◆ PROBLEM DESCRIPTION ◆
Retype only what runs from the first line of the records to the line with "With plenty of", inclusive, and no pictures.

◆ EXERCISE DATA ◆

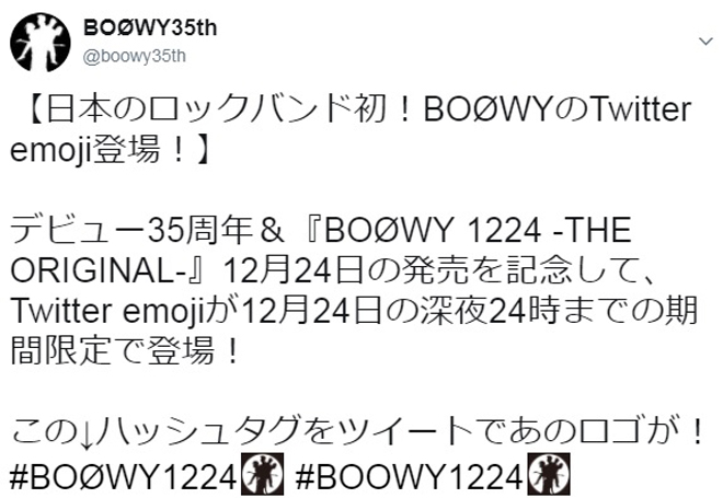 これは12月24日に映像作品『BOOWY 1224 -THE ORIGINAL-』がリリースされることを記念したもの。Twitter Emojiとは、Twitterでツイートを投稿する際に特定のハッシュタグの後に自動的に表れる絵文字のようなアイコンで、海外アーティストではザ・ローリング・ストーンズの11年ぶりの新作アルバム『ブルー&ロンサム』のリリース時に青ベロのアイコンが、フレディ・マーキューリー(クイーン)の生誕70周年の時にフレディの姿のデザインが登場した。また日本発のものとしては、『紅白歌合戦』や2017年の衆議院選挙、『ドラゴンクエスト』30周年を記念したデザインなどがある。
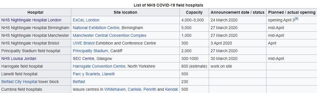 There are ten temporary critical care hospitals being set up by the National Health Service and British Army as part of the response to the COVID-19 pandemic.
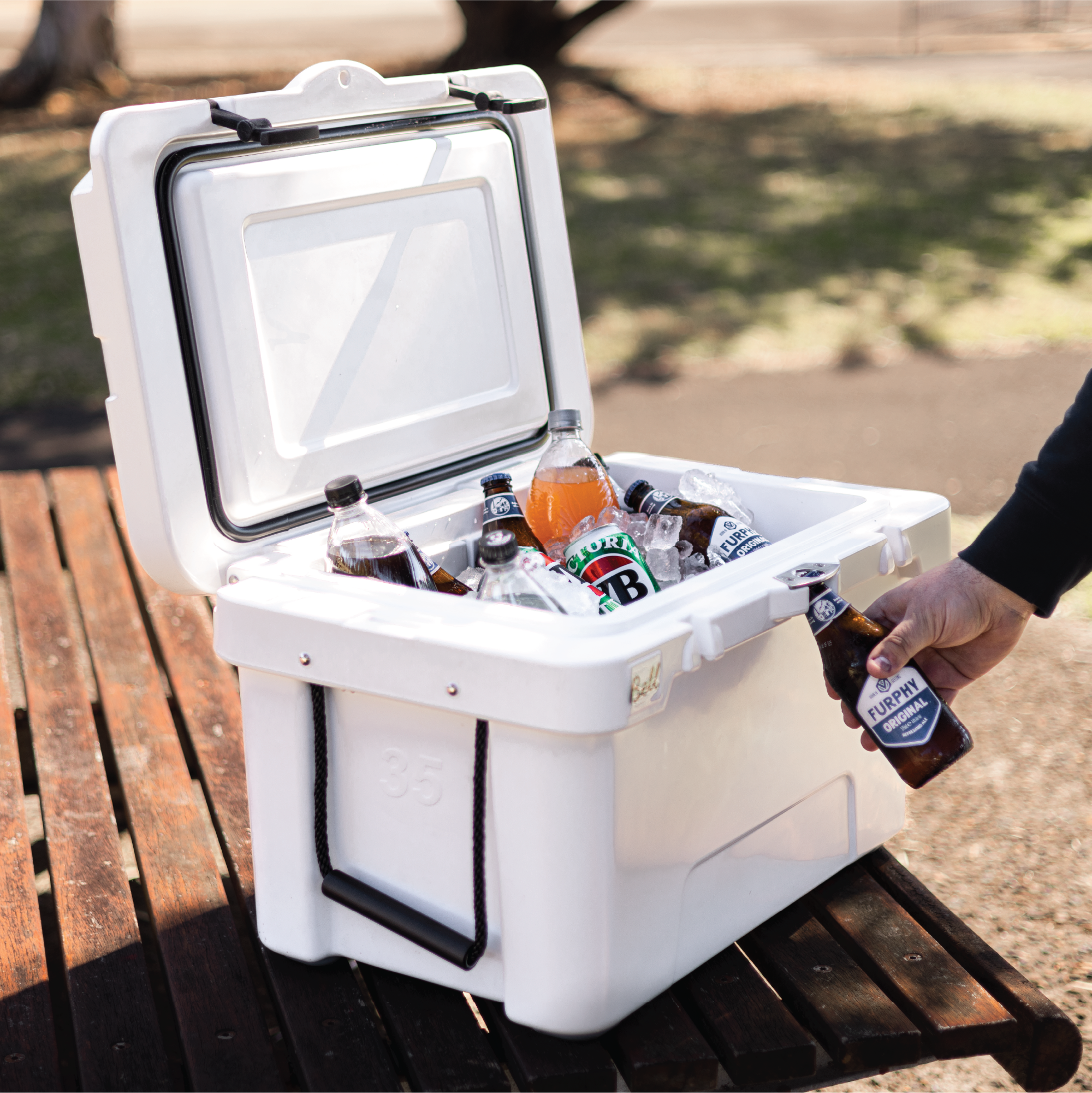 Introducing the 35L BELL Cooler Box for ultimate beverage chilling and brand visibility. Made from Tough Rotomolded Low Density PE with a thick PU foam layer. Colours are UV resistant and will not fade. Strong rope handle with rubber grip. Features a built in bottle opener within the rubber lock. Can hold up to 36 standard 375ml cans with ice on top. Tap on the side to drain out excess water. Designed to keep items inside cold for 3-5 days Sold either unbranded or with digital label.
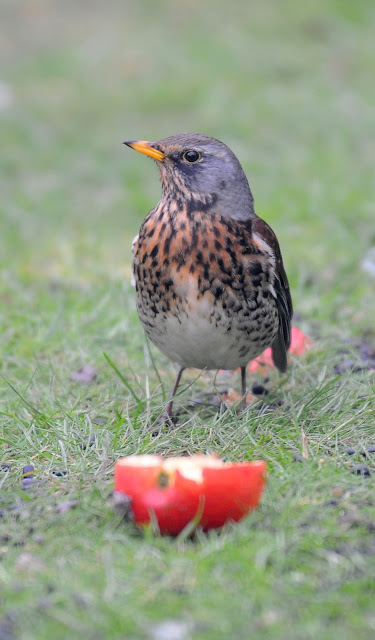 With plenty of reports of winter thrushes turning up in gardens during the recent snowfall, I cut up a few cheap, old apples and stuck them on the lawn, in the hope that they would do the trick and bring in a few Fieldfare.
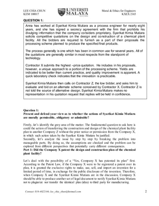 Syarikat Kimia Mutiara solicited bids for a chemical plant design project. Contractor X submitted the highest bid but included a unique processing scheme. Without informing Contractor X, Syarikat Kimia Mutiara asked Contractor Z to bid on Contractor X's scheme. This document discusses the ethics of Syarikat Kimia Mutiara's actions in three parts: it was unethical to transfer Contractor X's confidential information without permission, especially if Contractor X had patented the design; the action could harm relationships and reputation in the long run; and Anna, an employee of Syarikat Kimia Mutiara, should not have disclosed information to her boyfriend at Contractor X unless public
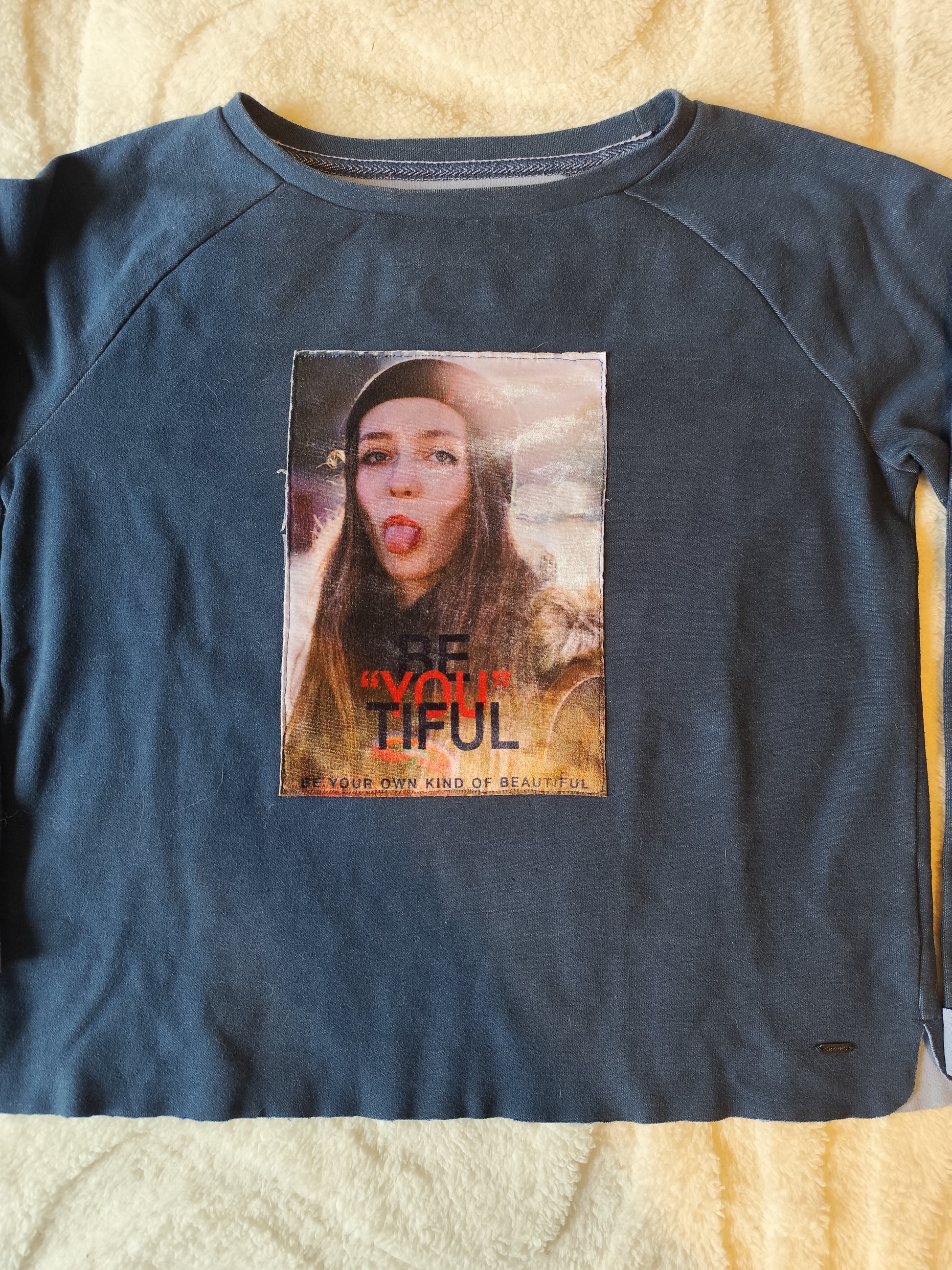 Sweat léger Creeks, coloris bleu, avec imprimé photo + texte “Beautiful” sur le devant.
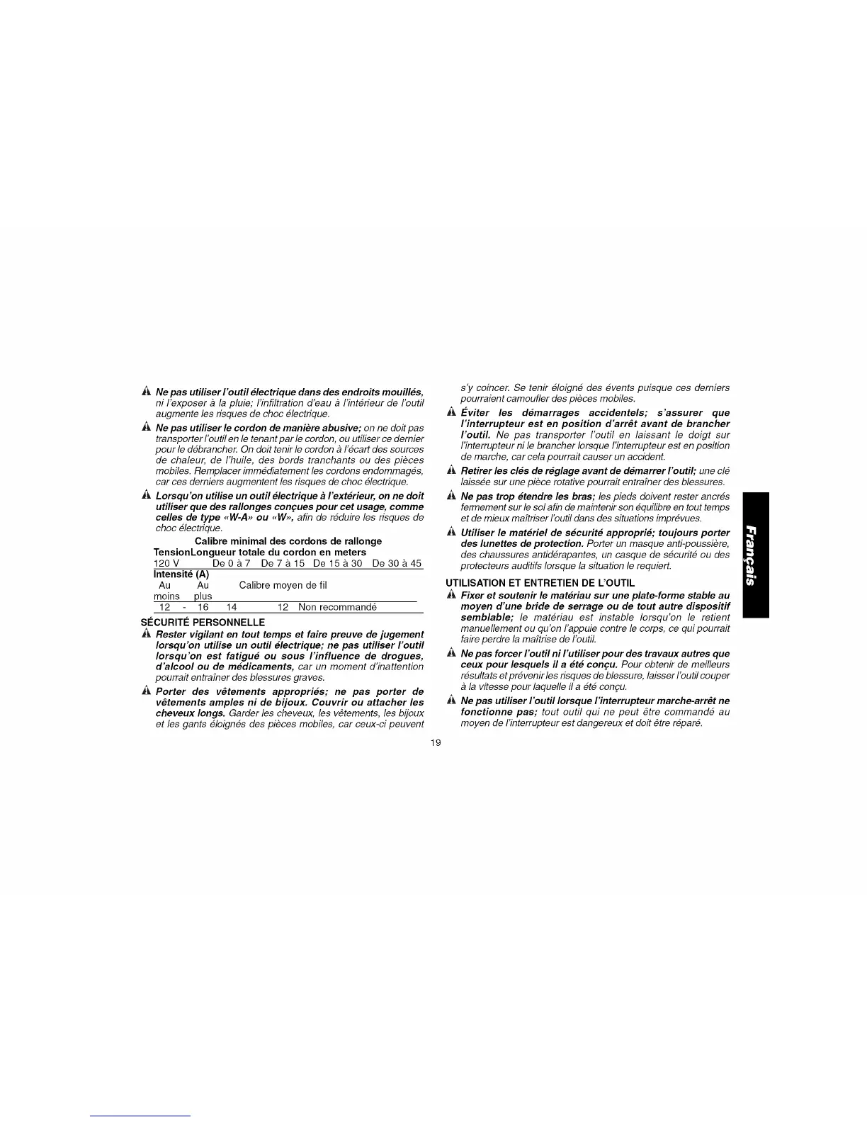 Iorsqu'on utilise un outil electrique; ne pas utiliser I'outil
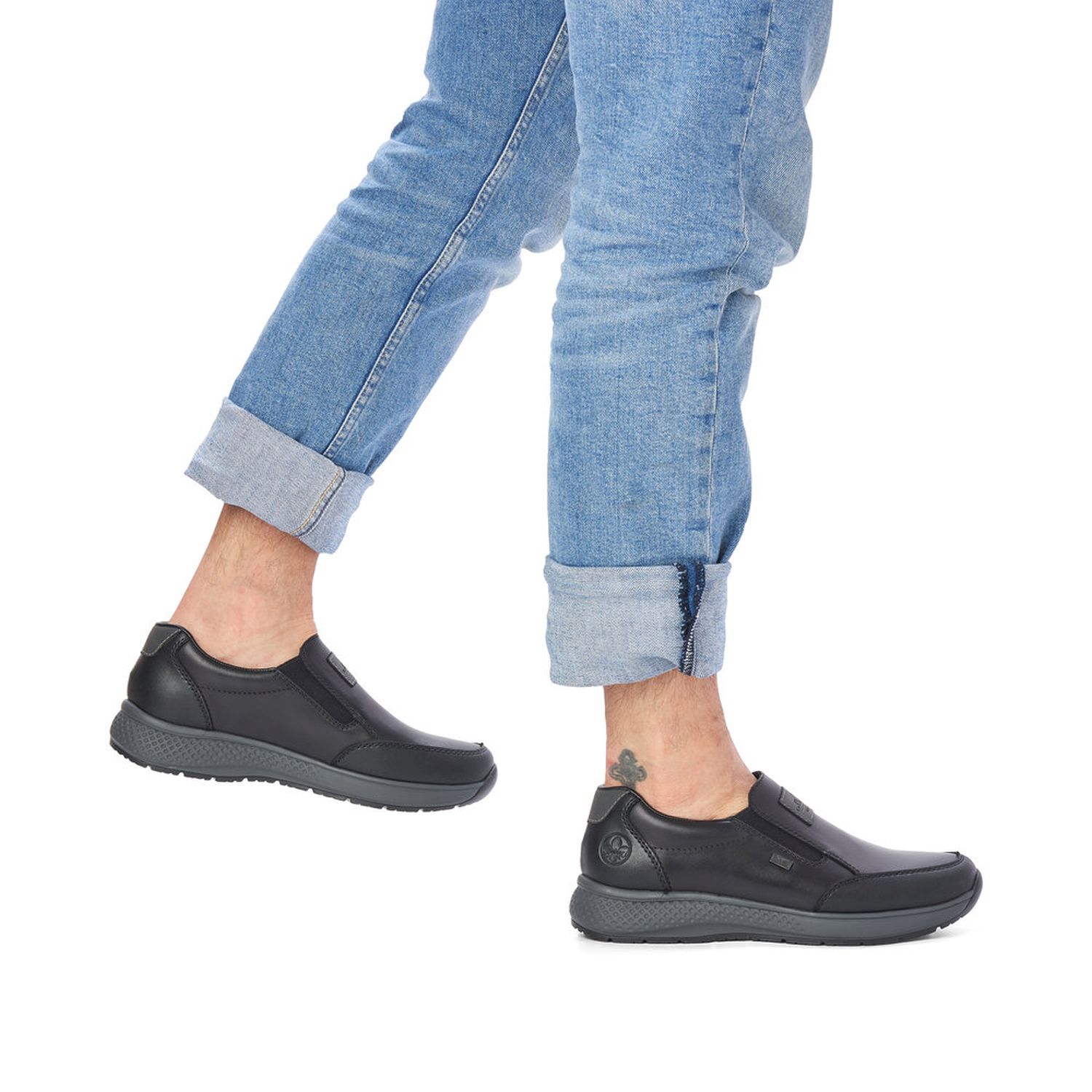Pohodlí na každém kroku budete mít s těmito pánskými mokasínami Rieker. Jsou jednoduché, přesto se nedají přehlédnout. Tyto černé boty jsou doladěny pěknou šedou podešví a logem na nártu. Pohodlí Vám zajistí stélka z paměťové pěny a flexibilní podešev, která bude kopírovat každý Váš krok. Nezaskočí Vás ani nepřiznivé počasí, protože tato obuv má texovou membránu, díky níž je obuv uvnitř suchá a vzdušná. Tyto mokasínky využijete každý den. Tento model nabízíme na našem e-shopu v další barevné kombinaci (platí do vyprodání zásob). Technologie: Antistress - podešev je díky této technologii lehká, flexibilní, absorbuje nárazy při došlapu a snadno se přizpůsobí každé noze. RiekerTEX - obuv s tímto označením je prodyšná, ale zároveň odolná vůči vodě. Je to díky zvolenému výrobnímu procesu, kdy mezi svrchní díl a podšívku je vložena goretexová membrána. Díky tomu má obuv optimální ochranu proti vlhkosti a výbornou ochranu proti chladu. Stélka za paměťové pěny.
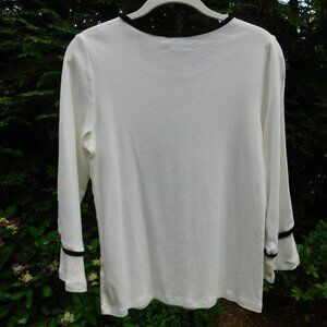 Rafaella cream-color stretchy rib-knit bell-sleeve embellished top with contrast black trim

◆ SOLUTION TO THE PROBLEM ◆
 これは12月24日に映像作品『BOOWY 1224 -THE ORIGINAL-』がリリースされることを記念したもの。Twitter Emojiとは、Twitterでツイートを投稿する際に特定のハッシュタグの後に自動的に表れる絵文字のようなアイコンで、海外アーティストではザ・ローリング・ストーンズの11年ぶりの新作アルバム『ブルー&ロンサム』のリリース時に青ベロのアイコンが、フレディ・マーキューリー(クイーン)の生誕70周年の時にフレディの姿のデザインが登場した。また日本発のものとしては、『紅白歌合戦』や2017年の衆議院選挙、『ドラゴンクエスト』30周年を記念したデザインなどがある。
 There are ten temporary critical care hospitals being set up by the National Health Service and British Army as part of the response to the COVID-19 pandemic.
 Introducing the 35L BELL Cooler Box for ultimate beverage chilling and brand visibility. Made from Tough Rotomolded Low Density PE with a thick PU foam layer. Colours are UV resistant and will not fade. Strong rope handle with rubber grip. Features a built in bottle opener within the rubber lock. Can hold up to 36 standard 375ml cans with ice on top. Tap on the side to drain out excess water. Designed to keep items inside cold for 3-5 days Sold either unbranded or with digital label.
 With plenty of reports of winter thrushes turning up in gardens during the recent snowfall, I cut up a few cheap, old apples and stuck them on the lawn, in the hope that they would do the trick and bring in a few Fieldfare.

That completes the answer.